On this 9th day of Black history month,
we will first have
a preview of this week.

Then today,
I’m going to talk about a concept
embedded in the nation’s psyche

we don’t talk about
& need to

So I can stop
constantly
explaining why I ain’t one.

#NotYourTittyMammy
Preview:

9th- I’m #NotYourTittyMammy
10th- Black people receiving rest
11th - Black people relinquishing burdens and resting
12th- learning from the presence of Black art
And the absence of Black people
13th- Black people and prison, white people and accountability
14th - Black love movies to watch
because I’m ... not going to be available. 😊

A good part of the day.

I got a video date

and will be receiving devotions.
So I’ll be phoning that one in.
I need about a half hour to set up. Then we’re going to talk Titty Mammys.

#BlackHistoryMonth2021
#NotYourTittyMammy
#DisabledBlackTalk
Okay so I can see by the initial response
that I have scared the crap
out of some of you.

I can tell by the silence
from would-be trolls

the term is scary to them.

And it should be.

We’re bringing Jim Crow terms
and ideas
into this century

and it needs to stop.
As Nina Simone said

“Slavery has never been abolished
from America’s way of thinking.”

https://www.brainyquote.com/quotes/nina_simone_203076

We think,
we speak,
we do,

then we are.

Words matter.
For example.

Auntie, in reference to Black women has 2 meanings.

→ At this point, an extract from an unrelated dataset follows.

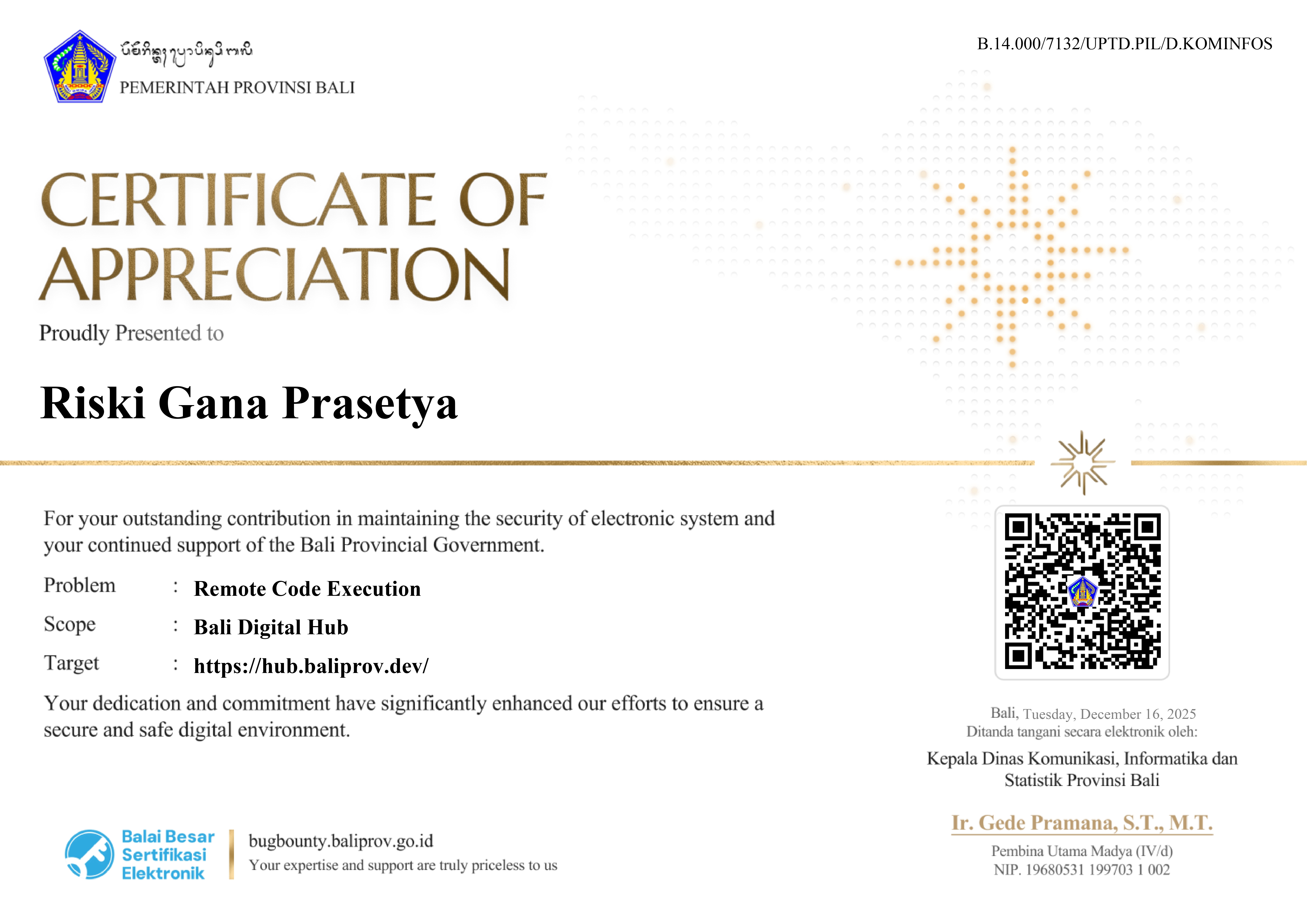 Recognized for identifying and responsibly disclosing a newly discovered security vulnerability on the Cimahi City Government’s systems.

In African cultures it’s a sign of respect.

All Black women of our mother’s age deserve that we respect get this title, of sister to our mother.

Or simply Mama “first born.”

It’s embracing you as heart fam.
In the Jim Crow South however,
there was Mammy
and there was Auntie.

Auntie was divorced from the respect.

It came to mean “any Black woman we deem too old to be of sexual misuse.”

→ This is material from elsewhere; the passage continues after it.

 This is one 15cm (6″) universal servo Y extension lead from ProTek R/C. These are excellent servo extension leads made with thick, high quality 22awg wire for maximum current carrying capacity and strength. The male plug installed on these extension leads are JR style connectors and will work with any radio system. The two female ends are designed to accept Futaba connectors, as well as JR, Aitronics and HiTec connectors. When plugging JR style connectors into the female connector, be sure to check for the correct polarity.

These connotations make it extremely NOT okay for white people to call Black women Auntie.
But it wasn’t as bad as Mammy.

Because until about 1970, not too long before I was born?

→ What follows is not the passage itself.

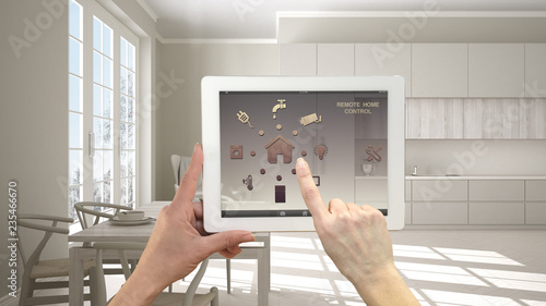 application, house, automated, modern, touching, domotics, finger, innovation, hand, idea, smart, futuristic, technology, appliance, app, artificial intelligence, multimedia, icon, security, interface, home, control, digital, connected, concept, virtual, efficiency, energy, setting, cyberspace, system, tablet, eco, connection, light, online, remote, holding, mobile, controller, intelligence, monitoring, interior, design, kitchen, classic, dining

Black women raised the white children in this country. Sometimes forcing them not to be physically present for their own.
From “Nurses and Mammies”

“The term "mammy," a variation on "mommy" or "mama," was used in the South to describe a black woman who cared for a slaveholder's children...., mammies often cared for all of a plantation's children regardless of bloodline.”

https://www.encyclopedia.com/humanities/applied-and-social-sciences-magazines/nurses-and-mammies
Think of the role Hattie McDaniel played in Gone with the Wind. People want to jump down her neck for it but what other roles were there at the time in major motion pictures?

We had to sneak in cracks to kick open doors. And Red Summer taught, we needed to be too big to burn.
Anyway. Now you have a picture in your mind. A nourishing nurturing figure. Someone who had a little bit of leeway in disciplining you but no real power.

Sometimes expected to take care of Everyone on the plantation domestically.

Expected.

To care for.

Everyone.
From CCAM Exhibit, “Making Mammy: A Caricature of Black Womanhood, 1840–1940”

“Popularized into the 20th century by characters such as “Mammy” in ... Gone with the Wind (1939), this archetype of black domestic servitude was often depicted as good-natured, overweight, and loud.”
I.E. If you’re servile and outside the traditional framework of beauty - yes, the white one - you’re allegedly unfuckable and not beautiful or feminine.
And if you’re not feminine and beautiful, but you’re servile, you’re “strong” and if you’re strong

Why do you need sweetness, love, protection, respect?
A tangent to think on.

As is this next excerpt From a Bodylore entry by Taylor Simmons.
“An African American woman being chosen to work domestically for a white family based on physical characteristics and lack of sex appeal further oppresses her. Race & gender are a few of the social constructions that socially stratify minorities ...”

https://sites.wp.odu.edu/bodylore/2020/03/03/the-asexual-mammy-figure-and-the-black-body/
Mammy is tinged with oppressive affection.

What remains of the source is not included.